### What this task involves:
Copy the lines below word for word, skipping any image.

### Dataset section:

◇ ◇ ◇ ◇ ◇

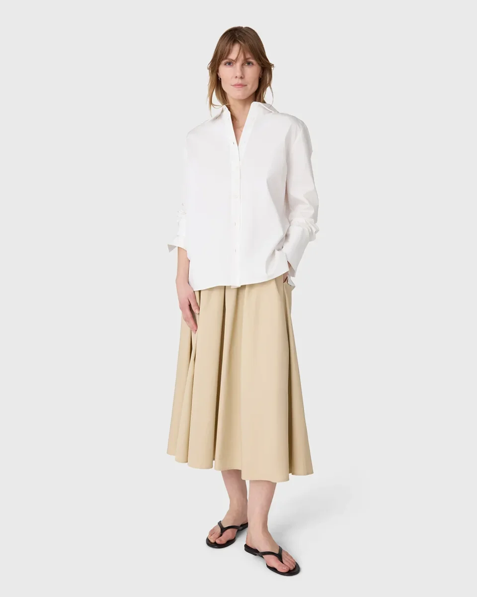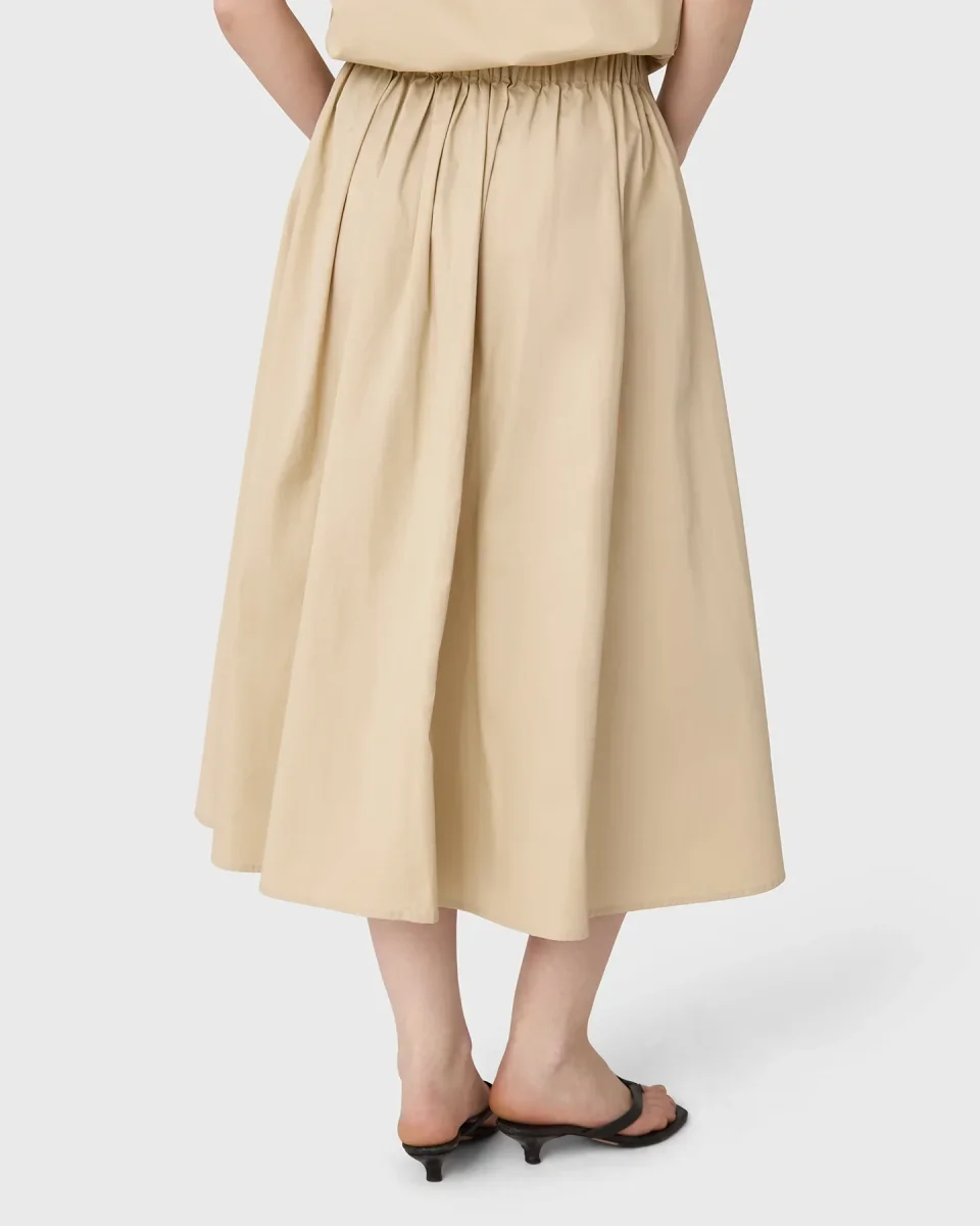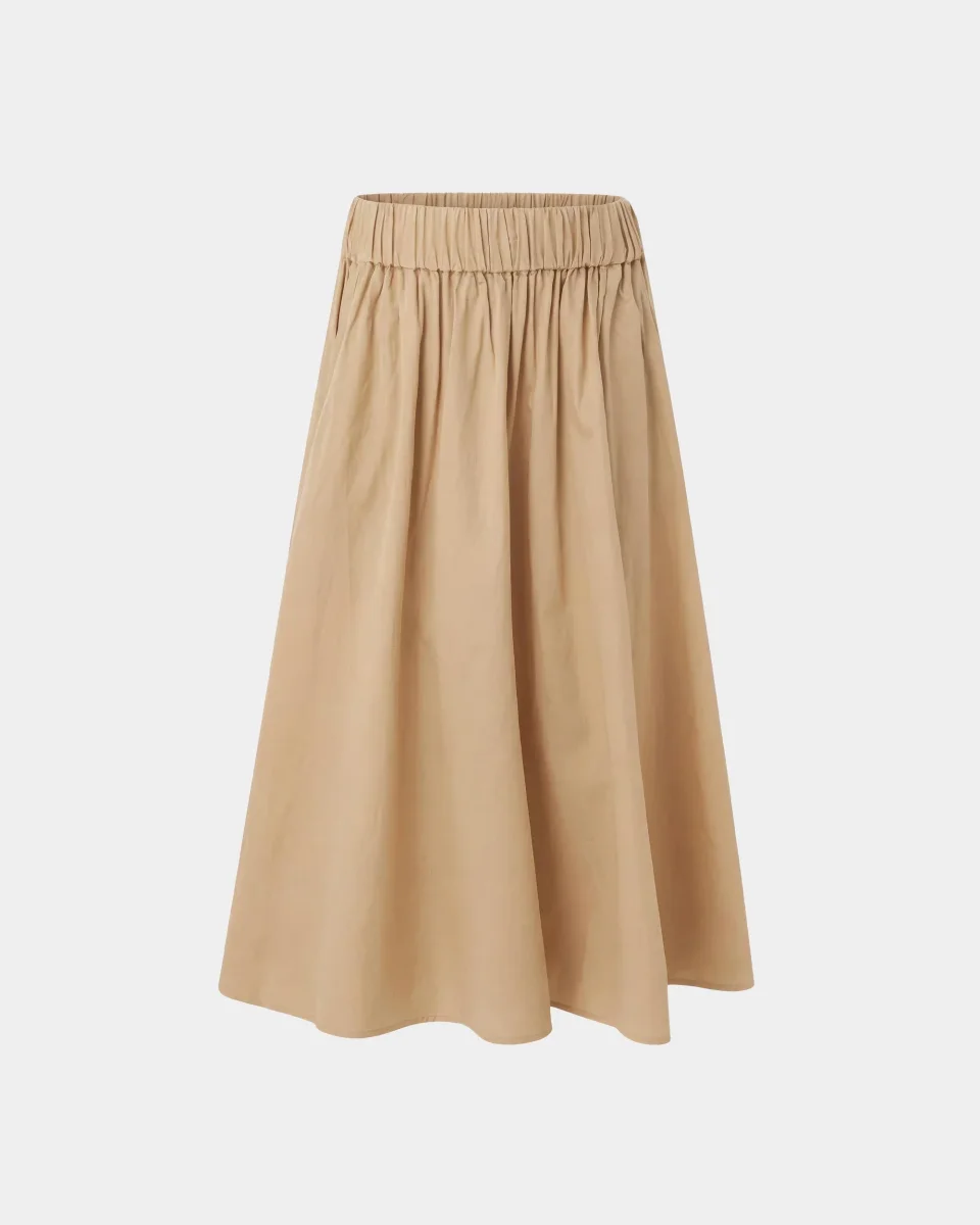 Sommarens favoritkjol med bred passform och smickrande hög elastisk midjeband. Midi längd Elastisk midjeband Sidofickor 100% cotton Model is 174 cm and wears size 36.
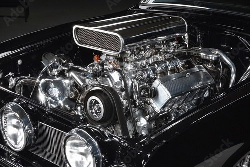 chrome, performance, automotive, closeup, power, mechanic, engineering, vehicle, tuning, horsepower, customization, steel, speed, modification, motor, machinery, racing, alloy, craftsmanship, machine-building, high performance, generative, ai
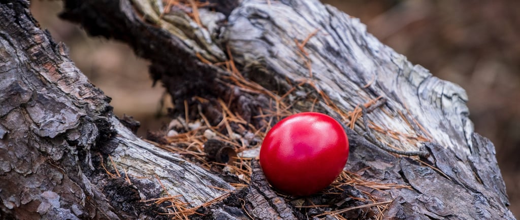 Mormântul Părăsit: Coaja tare a oului simbolizează mormântul pecetluit al lui Iisus, iar spargerea ei reprezintă biruința vieții asupra morții.
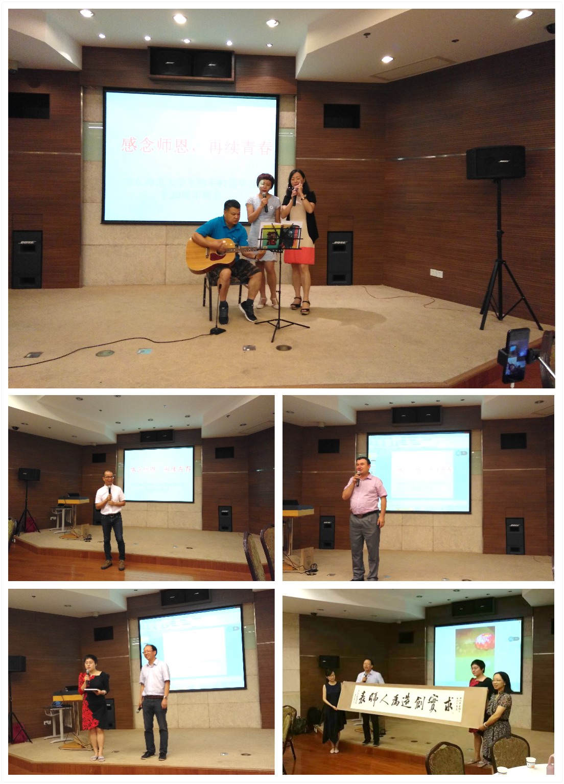 校友们也派出了汉族同学代表及新疆同学代表发言,并用老照片和吉他弹唱传递了二十年前结下的情谊。同学们纷纷表示:感念当年恩师的教导之恩,感念母校及母院的培育之恩,并祝母校及母院的发展欣欣向荣。同时校友们当场向学院赠送了其中一位校友的书法作品:求实创造、为人师表(我校校训)。

◇ ◇ ◇ ◇ ◇

### The answer:
 Sommarens favoritkjol med bred passform och smickrande hög elastisk midjeband. Midi längd Elastisk midjeband Sidofickor 100% cotton Model is 174 cm and wears size 36.
 chrome, performance, automotive, closeup, power, mechanic, engineering, vehicle, tuning, horsepower, customization, steel, speed, modification, motor, machinery, racing, alloy, craftsmanship, machine-building, high performance, generative, ai
 Mormântul Părăsit: Coaja tare a oului simbolizează mormântul pecetluit al lui Iisus, iar spargerea ei reprezintă biruința vieții asupra morții.
 校友们也派出了汉族同学代表及新疆同学代表发言,并用老照片和吉他弹唱传递了二十年前结下的情谊。同学们纷纷表示:感念当年恩师的教导之恩,感念母校及母院的培育之恩,并祝母校及母院的发展欣欣向荣。同时校友们当场向学院赠送了其中一位校友的书法作品:求实创造、为人师表(我校校训)。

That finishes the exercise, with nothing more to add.